3.2. Strict Bias Metric

A significant drawback of MBE is its potential lack of rigor in comparisons. One key limitation lies in the use of AULA to calculate sentence likelihoods that can lead to tokens unrelated to gendered words exerting undue influence on the score. This is even more problematic when comparing AULAs for sentences that are notably dissimilar.

To address unexpected measurement errors in evaluating MLM bias, we propose the strict bias metric (SBM), which solely compares likelihoods between parallel sentences that differ only by gendered words, minimizing potential confounding factors. As the number of comparisons in AULAs decreases when using SBM, it allows for a more focused and targeted analysis so that SBM guarantees a meaningful assessment by capturing the likelihood differences incurred only by variations in gendered words. The SBM score is measured as in Equation (3):

$${\displaystyle \frac{{\sum }_{(S_m,S_f)\in ({\mathcal{T}}_m\times {\mathcal{T}}_f)}\mathbb{I}\left(S_m,S_f\right)}{|{\mathcal{T}}_m|}}$$

(3)

Since SBM requires the identification of the specific gender words, we create a multilingual lexicon that provides sets of gendered words in five languages (Section 4.1). Moreover, since SBM needs sentence pairs that differ only by gender words, we present two methods, lexicon-based (Section 3.3) and model-based (Section 3.4), to generate such sentence pairs using solely monolingual datasets.

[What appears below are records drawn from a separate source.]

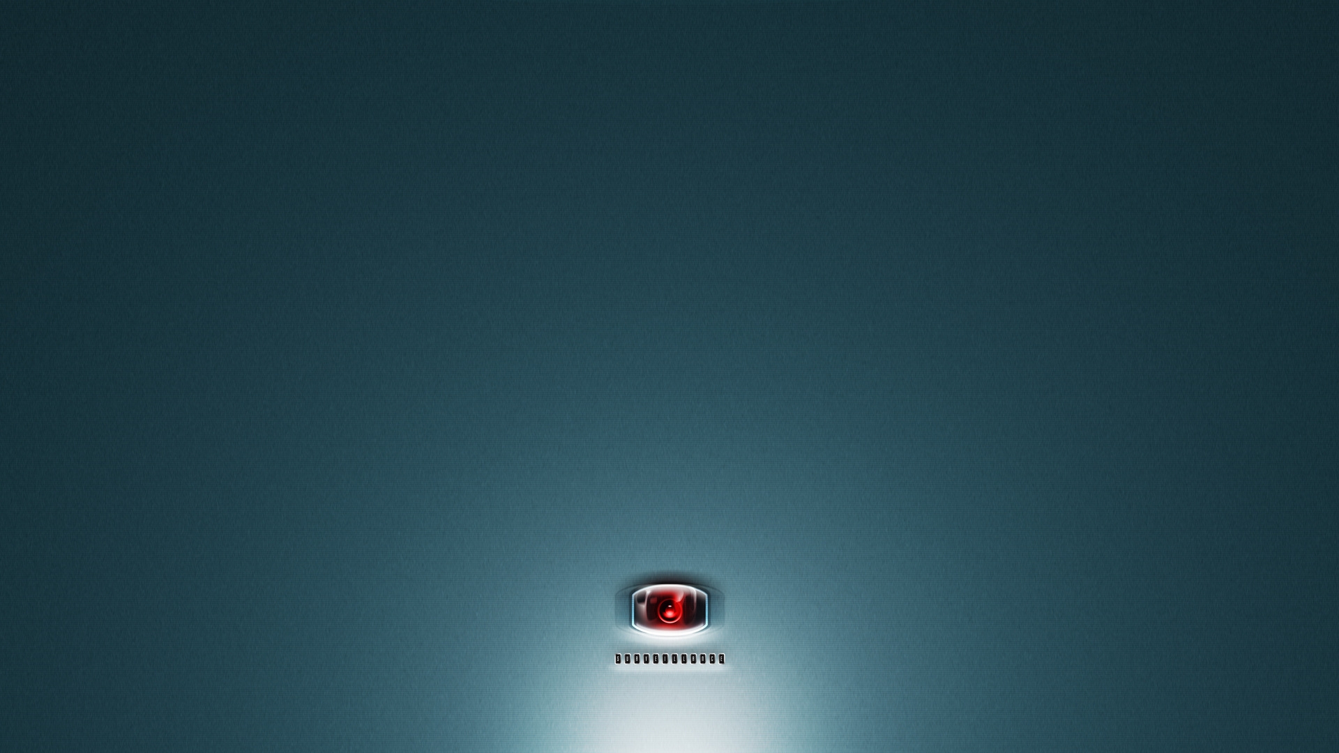 Description: A red light is shining in the dark room with a blue background and a white light at the end of the room.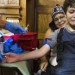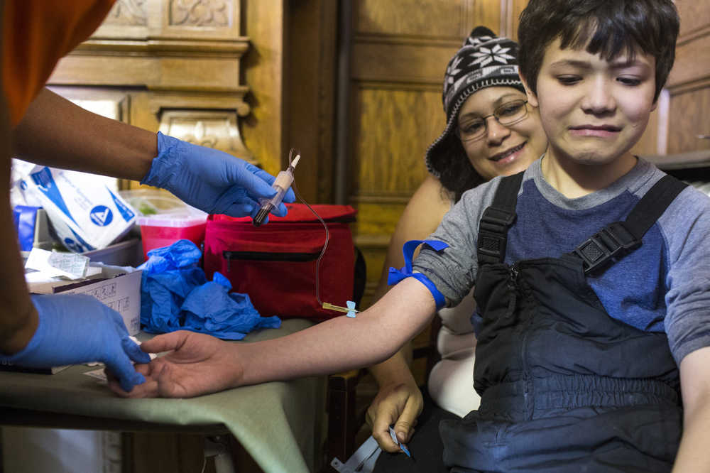 Flint resident Mycal Anderson, 9, reacts to having his blood drawn for lead testing while sitting on his mother Rochelle Anderson's lap at the Flint Masonic Temple on Saturday, Jan. 23, 2016 in Flint, Mich. The event was organized by Herb Sanders of Sanders Law Firm in Detroit, Mich., Change Agent Consortium, Rev. David Bullock, and Mothers of Murdered Children. Following blood drawings by Quest Diagnostics, residents should know their results in 7-14 business days. (Conor Ralph/The Flint Journal-MLive.com via AP)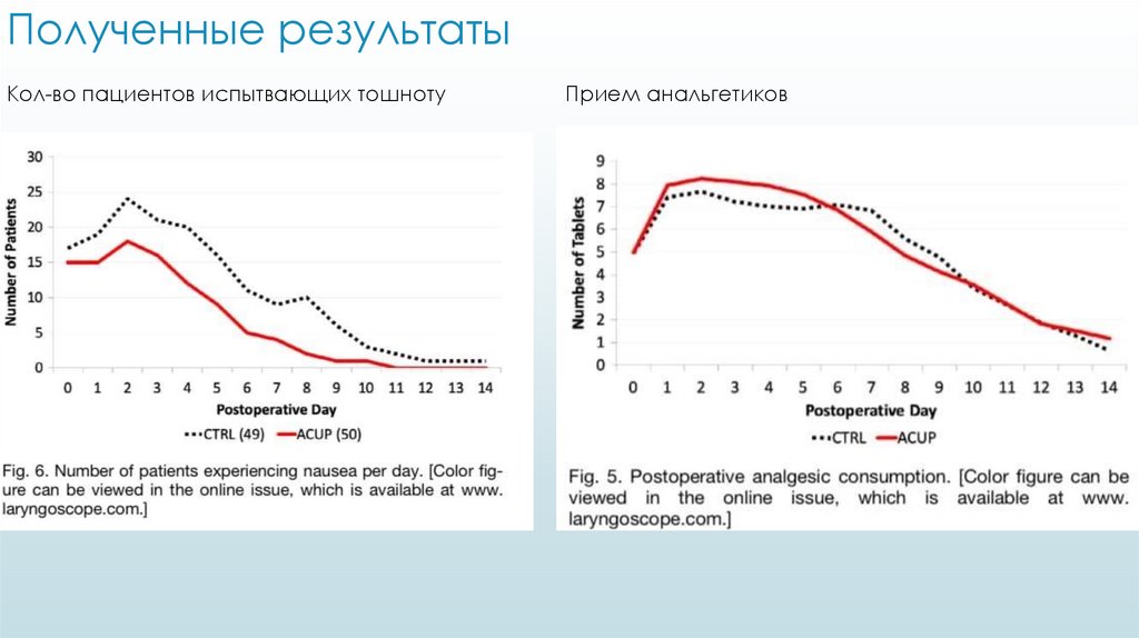 Полученные результатыКол-во пациентов испытвающих тошноту
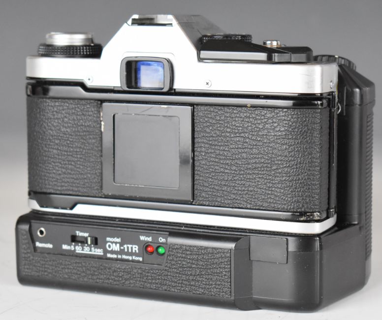 Olympus OM20 35mm SLR camera outfit including S Zukio 35-70mm 1:3.5-4.8, Zukio MC 1:1.8 f=50mm and Tamron 1:3.5-4.5 35-70mm lenses and Jessop auto winder

3.3. Lexicon-Based Sentence Generation

The lexicon-based sentence generation (LSG) first identifies every sentence containing a single gender word and constructs its counterpart by replacing the gender word with its opposite-gendered word, which is provided in the lexicon (Section 4.1). For the sentence, “The waitress came over”, LSG generates the new sentence “The waiter came over” by replacing the gender word (Figure 1). SBM is then computed between these two sentences, taking into account the relative importance of those gender words.

Sentences containing multiple gender words are excluded in this approach because it is ambiguous to identify them as either male- or female-gendered sentences. For example, a sentence “The actor fell in love with the queen” is considered neither a male nor female sentence because it contains words for both genders and masking one of them for an MLM would make this sentence the opposite gender. Including such sentences would undermine the reliability of the SBM score. Thus, sentences of this nature are excluded from our experiments to ensure the robustness of bias evaluation.

The corpus may have an imbalanced distribution of sentences with male and female words that can result in a bias in the overall data representation. To address this issue, we extract an equal number of male and female sentences, such that $|{\mathcal{T}}_m| = |{\mathcal{T}}_f|$. It is worth mentioning that we tried to discard sentences exhibiting strong contextual biases towards a specific gender from our evaluation set, as they may introduce inherent biases and compromise the results. We achieved this by manually going over the sentences to pick out verbs that might be only applicable to one gender and disposing of those sentences (e.g., The princess gave birth to twins).

3.4. Model-Based Sentence Generation

Figure 2 describes an overview of our model-based sentence generation (MSG). Similar to LSG, it begins by collecting sentences with only one gender word. It then masks the gender word in each sentence and employs an MLM to predict the most likely male and female words based on the context (e.g., the first row in Figure 2). This enables MSG to select the most probable gender words for every sentence by MLM’s predictions, ensuring that the comparisons are conducted on model-derived sentence pairs.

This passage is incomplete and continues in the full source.